EXERCISE DETAILS: Excluding pictures, retype exactly the lines from the one with "Unsere Tour führte" through the end of the records that follow.

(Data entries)
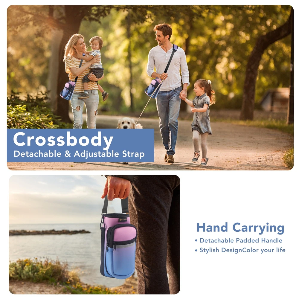 Premium Material: water bottle carrier bag is made of high quality neoprene material that protects your water bottle from scratches and scrapes, while keeping it highly soft and flexible, water resistant and durable Convenient to Carry: Our water bottle carrier bag comes with adjustable shoulder straps and a handle strap, making it easy for you to carry your water bottle with you wherever you go and making your travels more effortless Multi-Functional Design: This water bottle bag not only holds your water bottle but also has two additional pockets for storing your phone, wallet, keys, and other items, making your travels more convenient Suitable for All Occasions: Whether it's for outdoor sports, travel, hiking, or daily use, our water bottle carrier bag is an ideal choice Safety Assurance: We provide high-quality water bottle carrier bags, and if you encounter any issues during use, we will be dedicated to serving you and ensuring your shopping experience is worry-free
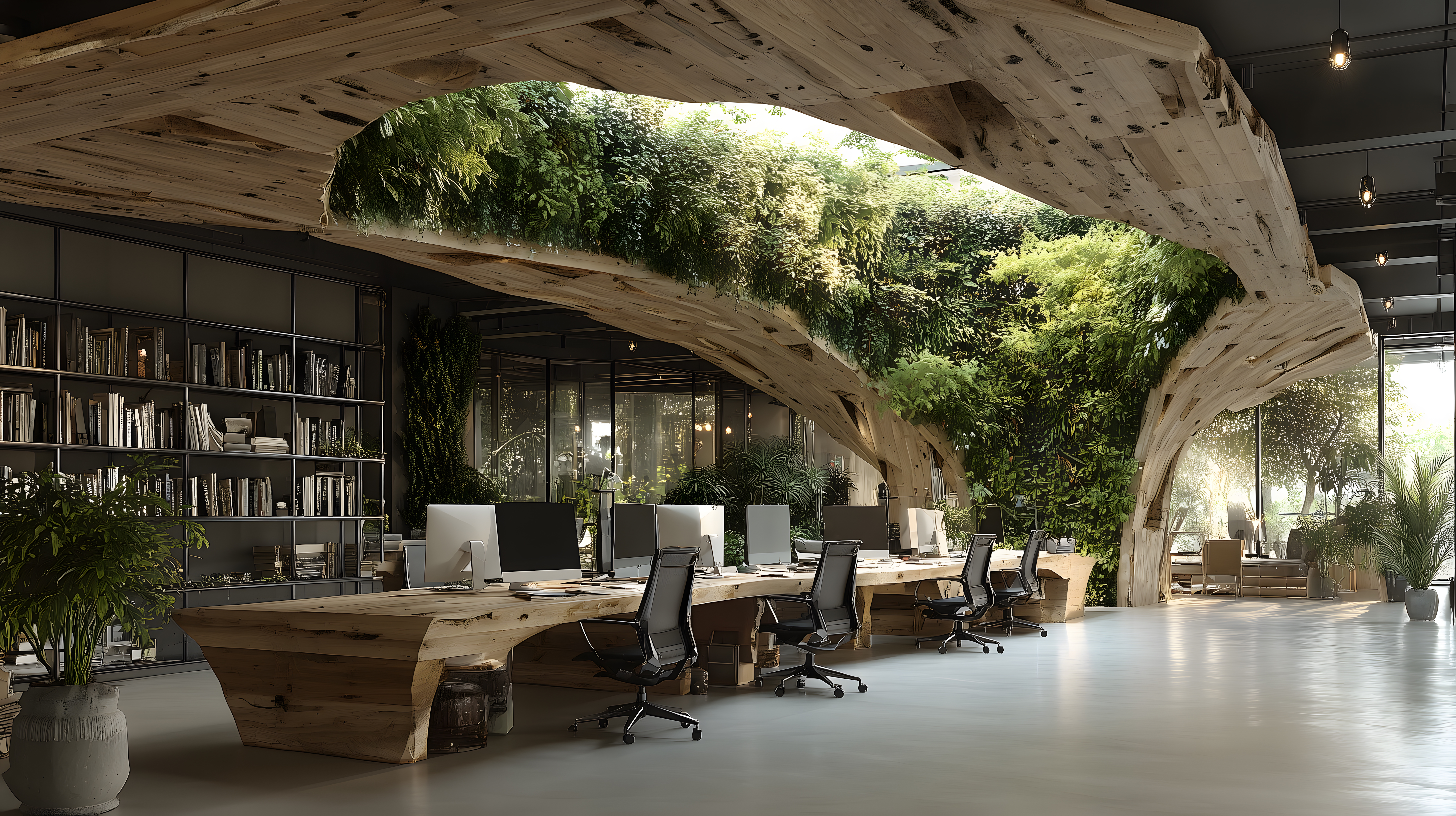 Dieses Foto zeigt ein beeindruckendes Bürodesign mit einer natürlichen, ganzheitlichen Ästhetik. Der Raum ist geprägt von hohen Holzwölbungen, die eine warme und einladende Atmosphäre schaffen. Üppiges Grün in Form von Pflanzen und Begrünung integriert sich nahtlos in die Architektur und verleiht dem Büro einen organischen, biophilen Charakter. Große Fenster lassen viel Tageslicht in den Raum und verbinden die Innengestaltung harmonisch mit der umliegenden Natur. Die Arbeitsplätze sind modern und funktional, mit Computerarbeitsplätzen und zeitgemäßen Möbeln ausgestattet. Insgesamt vermittelt dieses Bild den Eindruck eines einzigartigen, inspirierenden Arbeitsumfelds, das Nachhaltigkeit und Kreativität in perfekter Balance vereint. Als hochwertiges Stockfoto in hoher Auflösung kann es für verschiedenste Zwecke wie Blogs, Websites, soziale Medien oder Werbekampagnen genutzt werden - selbstverständlich unter Creative-Commons-Lizenz kostenfrei verfügbar.
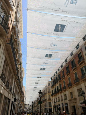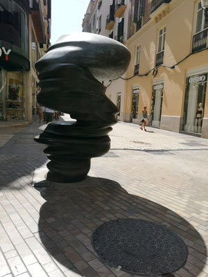 Unsere Tour führte uns zur teuersten Straß in Malaga - Geschäfte neben Geschäften, 300 Euro der Quadratmeter Miete. Versteckt zwischen Geschäften steht eine undefinierbare Statur... Erst beim genauen Hinsehen erkennt man, dass es sich um zwei Gesichter handelt.
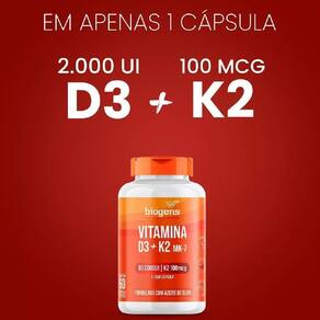Com uma potente dose de 2.000 ui de vitamina d3 e 100mcg de k2 mk7 afinal, por que o nosso produto se destaca Porque vai além do básico. Cada cápsula é uma fusão magistral da natureza e da ciência, criada para lhe proporcionar os máximos benefícios à saúde. A combinação da vitamina d3 e k2 não é apenas uma coincidência. Juntas, elas formam a dupla perfeita para a formação e manutenção de ossos e dentes saudáveis. Enquanto a vitamina d3 auxilia na absorção de cálcio e fósforo, a vitamina k garante que este cálcio seja direcionado para onde é realmente necessário, como seus ossos, e não para lugares indesejados, como artérias. Ingerir 1 cápsula ao dia, preferencialmente após refeição ou conforme orientação profissional.
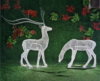 我們制作的這個不銹鋼絲鹿雕塑,內部裝有發光燈管,我們可以根據客戶的需要在內部放置彩色燈管。這樣,晚上彩色燈管接通電源后,雕塑會呈現出不一樣的視覺效果。無論是放置在室內外商場、中央廣場、主題公園還是自家的后花園中,都將是一個極其美觀的裝飾。
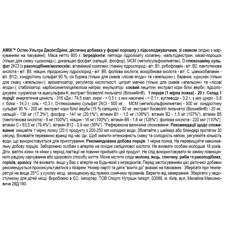 Osteo Ultra GelDrink от Amix – это порошкообразный напиток, разработанный для людей, желающих укрепить свои кости, суставы и связки до, во время и после тренировки. AMIX Osteo Ultra Gel Drink состоит из смеси синергетических ингредиентов, он содержит гидролизат коллагена, глюкозамин и хондроитин сульфат, а также другие дополнительные питательные вещества, такие как МСМ. Жидкая форма добавки улучшает усвоение активных компонентов, а ее отличный вкус делает применение более приятным.

ANSWER TO THIS TASK:
 Unsere Tour führte uns zur teuersten Straß in Malaga - Geschäfte neben Geschäften, 300 Euro der Quadratmeter Miete. Versteckt zwischen Geschäften steht eine undefinierbare Statur... Erst beim genauen Hinsehen erkennt man, dass es sich um zwei Gesichter handelt.
Com uma potente dose de 2.000 ui de vitamina d3 e 100mcg de k2 mk7 afinal, por que o nosso produto se destaca Porque vai além do básico. Cada cápsula é uma fusão magistral da natureza e da ciência, criada para lhe proporcionar os máximos benefícios à saúde. A combinação da vitamina d3 e k2 não é apenas uma coincidência. Juntas, elas formam a dupla perfeita para a formação e manutenção de ossos e dentes saudáveis. Enquanto a vitamina d3 auxilia na absorção de cálcio e fósforo, a vitamina k garante que este cálcio seja direcionado para onde é realmente necessário, como seus ossos, e não para lugares indesejados, como artérias. Ingerir 1 cápsula ao dia, preferencialmente após refeição ou conforme orientação profissional.
 我們制作的這個不銹鋼絲鹿雕塑,內部裝有發光燈管,我們可以根據客戶的需要在內部放置彩色燈管。這樣,晚上彩色燈管接通電源后,雕塑會呈現出不一樣的視覺效果。無論是放置在室內外商場、中央廣場、主題公園還是自家的后花園中,都將是一個極其美觀的裝飾。
 Osteo Ultra GelDrink от Amix – это порошкообразный напиток, разработанный для людей, желающих укрепить свои кости, суставы и связки до, во время и после тренировки. AMIX Osteo Ultra Gel Drink состоит из смеси синергетических ингредиентов, он содержит гидролизат коллагена, глюкозамин и хондроитин сульфат, а также другие дополнительные питательные вещества, такие как МСМ. Жидкая форма добавки улучшает усвоение активных компонентов, а ее отличный вкус делает применение более приятным.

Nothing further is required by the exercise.